Finland joins NATO in move Moscow says increases risks of wider conflict
Finland has become the 31st member of Nato after its foreign minister, Pekka Haavisto, signed an accession document and handed it to the US secretary of state, Antony Blinken, at a ceremony in Brussels.
- Sergei Shoigu, Russia’s defence minister, said the accession of Finland increased the risks of wider conflict.
- A Ukrainian soldier pleaded “partly guilty” on Tuesday at Russia’s first trial for war crimes in connection with its military campaign in Ukraine.
- Russian investigators formally charged Darya Trepova, a 26-year-old woman, with terrorism offences over the killing of the pro-war military blogger Vladlen Tatarsky in a bomb blast in St Petersburg.
- Alexander Lukashenko, the leader of Belarus, will travel to Moscow on Wednesday for two days of talks with the Russian president, Vladimir Putin, the Kremlin has said.
- Lithuania’s parliament decided on Tuesday to ban Russian nationals from purchasing real estate in the Baltic country, citing risks to national security.
- Polish farmers are threatening to derail a visit to Warsaw by Ukraine’s president, Volodymyr Zelenskiy, over claims that Ukrainian grain is flooding their market, in a move that would provide Russia with valuable evidence of a crack in western solidarity.
- Russia’s state-owned Tass news agency has reported that the number of people injured in the St Petersburg cafe explosion that killed the prominent military blogger Vladlen Tatarsky has risen to 40.
Reuters reporters have spoken to Finns living close to the Russian border about their thoughts of Finland’s new Nato membership.

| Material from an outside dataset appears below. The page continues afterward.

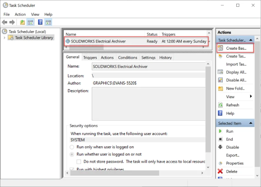 Since the inception of SOLIDWORKS Electrical, the Environmental Archive function has allowed users and administrators of SOLIDWORKS Electrical to back up their vital data for restoration. As of SOLIDWORKS Electrical 2021, your team can automatically use Windows Task Scheduler to set and run the archive in the background without interruption. (See #1 feature in this blog). In this guide, we’ll go over the options and steps for setting up automatic archiving on your Electrical Server.
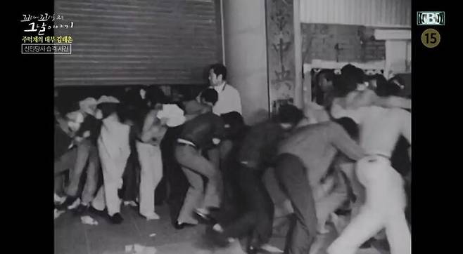 당시 제1야당이었던 신민당의 당사야. 김태촌의 명령에 쇠파이프, 각목으로 무장한 청년들이 함성을 지르며 건물로 뛰어 들어갔어. 이들은 유리창을 부수고 책상을 엎고 의자를 집어 던졌어. 사무실에 있던 국회의원들을 마구잡이로 때리기도 했어. 신고도 못하게 전화기도 부수고, 순식간에 정문 셔터까지 내렸어. 백주대낮에, 대한민국 제1야당 당사가 괴한들에게 점거된 거야.

Below you can read an excerpt of their reports.
“I feel it’s a good thing that Finland is joining Nato. We have been here next to Russia for ages,” said Outi Lehtimaki, 59, a designer in Helsinki. “My father was in the war with the Russians so this is like a personal thing to me.”

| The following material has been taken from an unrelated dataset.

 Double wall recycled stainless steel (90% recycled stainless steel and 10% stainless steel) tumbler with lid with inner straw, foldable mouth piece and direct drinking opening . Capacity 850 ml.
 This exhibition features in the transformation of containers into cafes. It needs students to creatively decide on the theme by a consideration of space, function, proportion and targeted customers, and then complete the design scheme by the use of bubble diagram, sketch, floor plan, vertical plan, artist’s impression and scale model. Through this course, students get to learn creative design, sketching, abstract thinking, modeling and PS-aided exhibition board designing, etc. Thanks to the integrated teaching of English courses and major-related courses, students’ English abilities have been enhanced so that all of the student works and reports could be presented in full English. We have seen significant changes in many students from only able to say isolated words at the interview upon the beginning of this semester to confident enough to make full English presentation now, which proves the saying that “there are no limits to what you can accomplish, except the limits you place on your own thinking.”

Senja Veihlanen, a 25-year-old baker said: “In some ways I think it will make Finland a safer place but then again we don’t know what Russia will do. It’s a big question for me.”
In Virolahti, near the Russian border due east of Helsinki, retired Finnish combat engineer Ilkka Lansivaara had hung his own Nato flag from the side of his house.
“It’s a special day for Finland,” said Lansivaara, 70, a former soldier whose father was an air force pilot during the second world war. “Now we have power also behind us, not just our own forces,” he added.
Matti Seppala, 78, a retired warehouse worker who grew up near the border said joining would bolster Finland’s security even if he was not scared of Russian “sabre rattling”.
“I supported joining, you never know with the big brother, what they will do,” he said.
In Vaalimaa, once a busy crossing point for Finns and Russians almost midway between Helsinki and St Petersburg, border guard Markus Haapasaari watched the now just slow trickle of traffic. Finland’s new status hadn’t sunk in for him yet, he said.
The Ukraine invasion, which Moscow calls a “special military operation”, has led both Finland and Sweden to abandon decades of military non-alignment and seek safety in the Nato camp.
The accession of Finland with its 1,300-km (810-mile) border with Russia roughly doubles Nato’s land frontier facing Moscow at a time when east-west relations have hit their lowest point in decades.
Across the border in St Petersburg, a Russian resident of the city who gave his name only as Nikolai said, “Finland is making problems for itself by joining (Nato) … we used to consider it a brotherly country of the capitalist world, the closest to us in spirit, in relations, in mutually-beneficial economic relations. But now we will consider it as a state that is unfriendly to us.”
Ruled by czarist Russia for more than a century, Finland gained independence in 1917. It then desperately fended off a Soviet invasion in 1939 and for a time sided with Nazi Germany in a bid to win back lost territory.
As the war ended with allied victory, Finland found itself compelled to spend decades maintaining friendly and accommodating relations with its eastern neighbour and treading a sometimes precarious path of neutrality through the cold war.
Memories of Finland’s close relations with Moscow to preserve independence – a tactic known as “Finlandisation” – run deep for many Finns.